Okay, okay. I’m a week early!
But Astrid and I are in Atlanta as we speak, having just spent a glorious
weekend in the north Georgia mountains with my kids and grandson.
Halloween is everywhere. However, for this post, my thoughts are
back home where we live in the Netherlands….
Where THOUSANDS of these chestnuts have fallen to the ground from the
HUNDREDS of trees that surround our citadel city. Seriously.
Actually, they had all but fallen by the beginning of this month.
OCTOBER. AUTUMN. FOOTBALL. They sprinkled the ground like
lost-n-found money. Like gems from the sky. I became the little
girls and boys everywhere who came with their mommies…and bags…to collect their
treasures. “Look, Mommy! Look at this one!”

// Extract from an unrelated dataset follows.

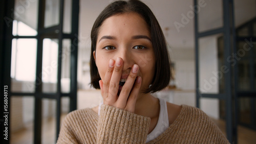 POV webcam point of view female girl addict influencer Caucasian smiling woman happy surprised read message online chatting using mobile phone touchscreen typing sms cellphone gadget screen at home

One day I took out my own bag and collected my own. Enough to sink my
imaginary ship.
TRICK: Not
a one of them was edible.
All my life I had heard about chestnuts roasting on open fires at this time
of the year. Though I had never seen or experienced it, I envisioned
crackling fireplaces in cozy, romantic homes. No one ever told me about
the 55-gallon oil drums around Europe's open-air markets, spitting their fires
underneath iron plates sizzling with sweet chestnuts. The kind you
eat.
Who would have known there were two kinds! I first found ones like
these in Germany years back and raced home to roast them in the oven. I
had eaten my first roasted chestnuts in Munich a few years before and could
hardly wait to taste them again. I thought I had found money on the
ground.
TRICK: Those weren’t edible either!
And that’s when I found out they either are or they aren’t, depending. The ones that are are sweet chestnuts. The ones
that aren’t are horse chestnuts or buckeyes! Another trick and what a
waste, since the Buckeyes are my archrival.
Nevertheless, I found myself a perfectly-shaped specimen from the above
stash (where I live surrounded by chestnut trees--the ones that are non-edible
tricks), and turned it around tenderly in my hand on my daily walks…until it
felt like a TREAT.
And because the Dutch don’t seem too keen on the edible variety (why is
that???), I now wait eagerly for our trip to Düsseldorf, Germany, in early
December, to visit the Christmas market…and to find my chestnut vendor on the
corner who will serve me up a paper cone full of the sweet delicacies.
Such is life's sermonette. Sometimes you have to pick through the
tricks till you lay your hands on the TREAT!